Looks like both lights are set the same , turn one off and get the settings and lighting right with one light on side main side of face and then bring in your second flash/light and fill in the shadow/fill side of the face gently.  Looks like you have a flash on the camera if so and not filling in shadows properly use a reflector NEAR the face to fill in shadow area. 
Lift the hat a little the shadow cutting into the eye is distracting.
-
Shoot well, Joe


----------



## jwbryson1 (Oct 30, 2011)

joealcantar said:


> jwbryson1 said:
> 
> 
> > Here's what I got SOOC.  Shot to JPEG + RAW.  No editing done.  Just trying to get effect of blacked out background.  It needs work but closer than when I started.
> ...



Thanks.  That hat's a little big for her and kept slipping down.  This was shot with one SB-700 off camera, camera left about 30 degrees and bounced off the ceiling.  My D90 was in commander mode and set so the on camera flash was not supposed to flash, but my daughter said they both flashed.  I thought she was mistaken because I had set it not to go off.  It sounds from your post, Joe, that you think 2 flashes were used too?  I need to check that--not sure why the on camera flash is firing.


----------



## Kerbouchard (Oct 30, 2011)

There are a ton of ways to get a black background.  Here is an example of one done at the local park.

http://www.thephotoforum.com/forum/...49679-havent-posted-images-here-while-so.html


----------



## Derrel (Oct 30, 2011)

You're making it REALLY tough on yourself with that hat pulled down so far on her forehead !!

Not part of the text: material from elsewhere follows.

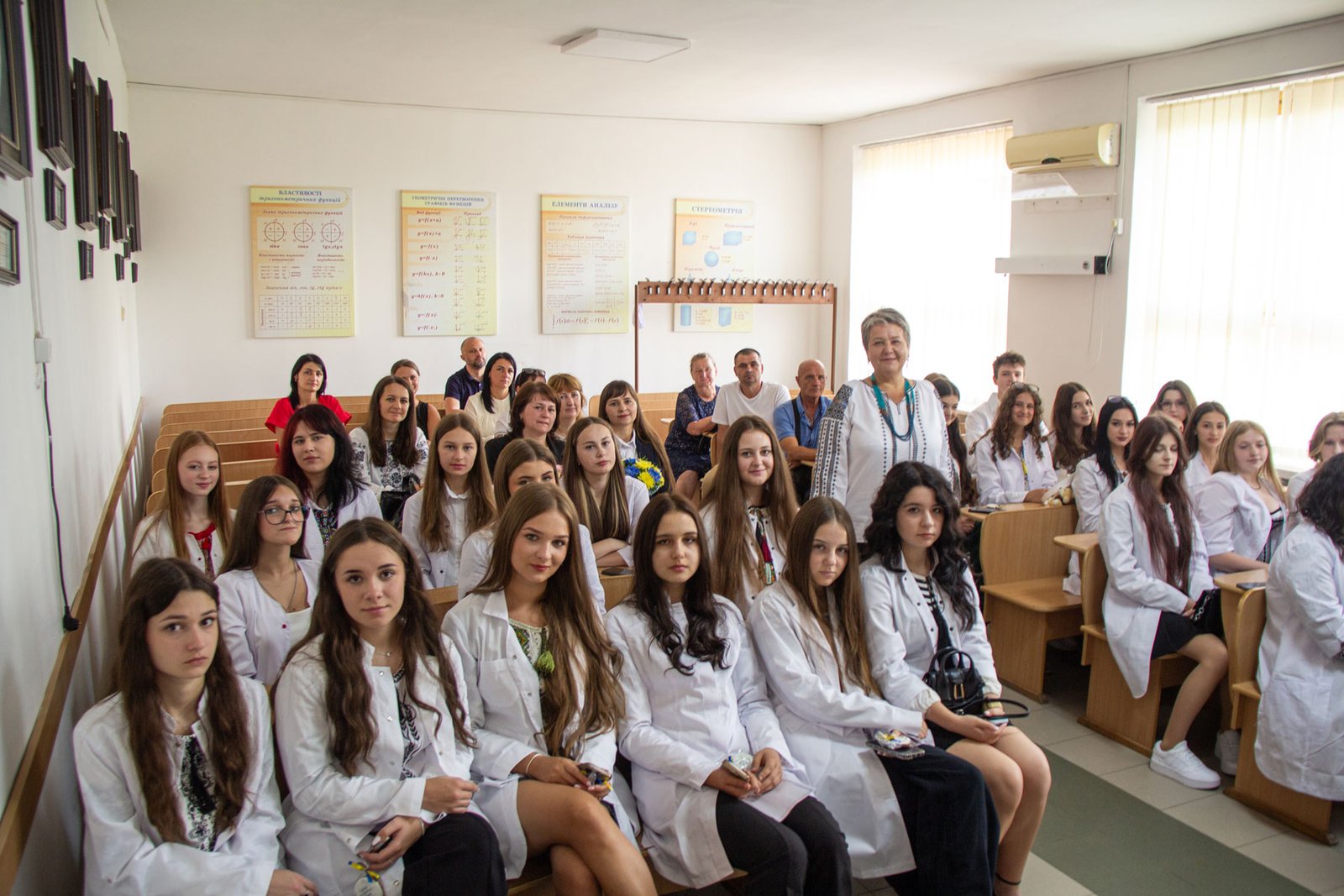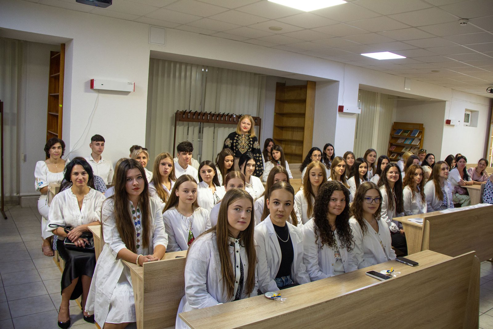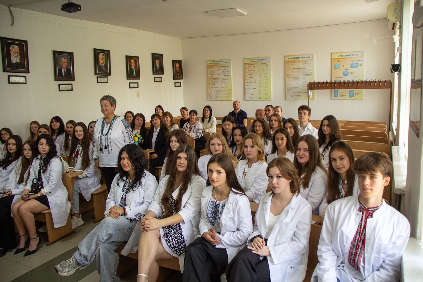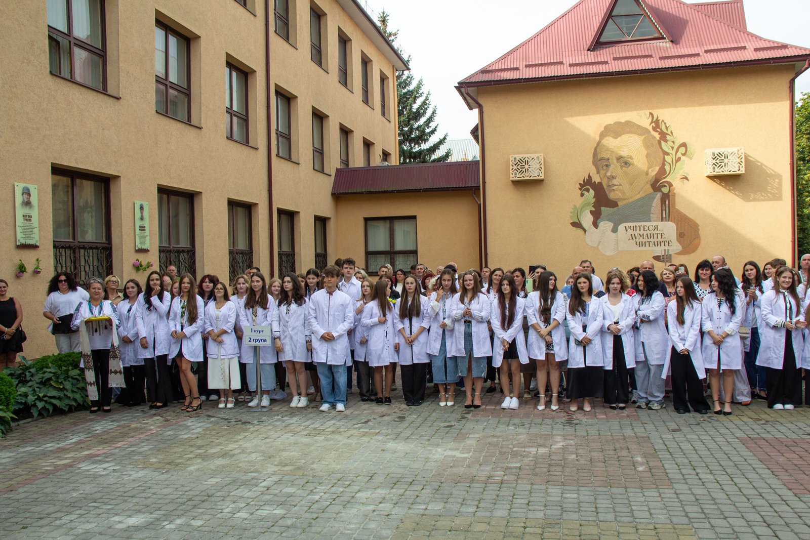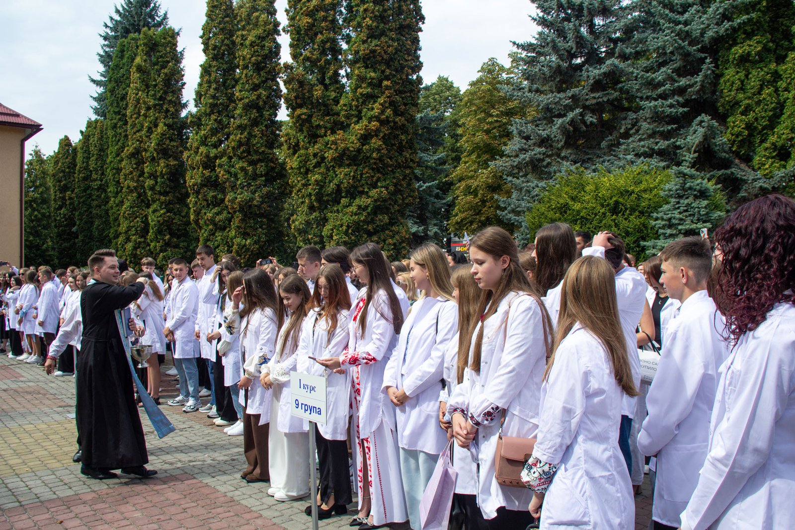 Розпочалася посвята словами вдячності захисникам і захисницям, які боронять Україну від московитів, та хвилиною молитви за загиблими у війні. А після того, як урочистості відкрив Гімн України, здобувачі освіти одягнули білі халати – символ майбутнього фаху, чистоти покликання медичного працівника.
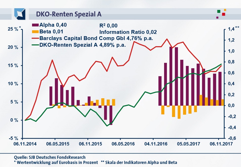 Per 26. Oktober 2017 hat der DKO-Renten Spezial über drei Jahre eine kumulierte Wertentwicklung von +15,43 Prozent in Euro erwirtschaftet, was einer Rendite von +4,89 Prozent p.a. entspricht. Eine attraktive Wertentwicklung in der jüngsten Niedrigzinsphase, die das Renditepotenzial globaler Unternehmensanleihen realisiert! Der Vergleichsindex Barclays Capital Bond Composite Global entwickelt sich schwächer: Die von der SJB gewählte Benchmark legte im selben Zeitraum um +14,98 Prozentpunkte auf Eurobasis zu, was einem Ergebnis von +4,76 Prozent p.a. entspricht. Beim Wechsel auf die Jahresbetrachtung weitet sich der Performancevorsprung des aktiv gemanagten Rentenfonds nochmals aus: Während der Fonds aus dem Hause Dr. Kohlhase ein Ergebnis von +7,17 Prozent in Euro verzeichnet, weist die passive Benchmark mit -4,11 Prozent eine negative Rendite auf. Kurzfristig liegt der DKO-Fonds deutlich vorn, auch mittelfristig kommt es zu einer Outperformance. Wie schlägt sich dies in der Alpha-Analyse nieder?

The light coming in from the left side of the camera is casting a hard shadow of her nose on her cheek. Overall, the exposure seems quite a bit under-exposed.


----------



## joealcantar (Oct 30, 2011)

If you are using commander mode set the preflash setting to "--" it will fire the pre-flash but not a flash that will affect the shot.  I saw two catchlights is why I was thinking you used two flashes.  
-
Shoot well, Joe


----------



## Tiberius47 (Oct 30, 2011)

jwbryson1 said:


> I set up my new black backdrop, put my camera in manual mode and adjusted the setting to f/4.5 and 1/640 shutter speed which totally eliminated all signs of the backdrop and all ambient light which was my goal.  I put my subject in front of the backdrop, took my SB-700 off camera and angled it to bounce light off the ceiling.  When I took the shot, however, the shutter speed was 1/200 which is my D90's flash sync speed, and of course the lighting is a bit hard, the backdrop appears and there are shadows.  Not what I wanted or expected.
> 
> So how do I fix this?  What am I doing wrong (probably a lot of things)?   My goal is to have my subject lit and the background totally blacked out.
> 
> Thanks.


 
You're bumping up against the camera's flash sync speed.  Basically put, if the flash is going to work, then it needs to be at a point where the whole sensor is exposed at the same time, and with faster shutter speeds this doesn't happen because of the shutter construction.  You can use high speed synch (sometimes called FP mode) if your flash has it.

To get the background to drop out, move the subject away from the background, move the lights as close to the subject as you can and dial the power down to the minimum you can while still getting enough light for your shot.  Because of the way light falls off, very little light will reach the background.


----------



## jwbryson1 (Oct 30, 2011)

Derrel said:


> You're making it REALLY tough on yourself with that hat pulled down so far on her forehead !!
> 
> The light coming in from the left side of the camera is casting a hard shadow of her nose on her cheek. Overall, the exposure seems quite a bit under-exposed.



Agreed.  That hat is a bit too big for her head and kept slipping down.  I was having some fun and trying to figure out the black background effect and trying to direct her as well.  She was more interested in being late for the start of Sponge Bob so I had just a few minutes to get a shot.


----------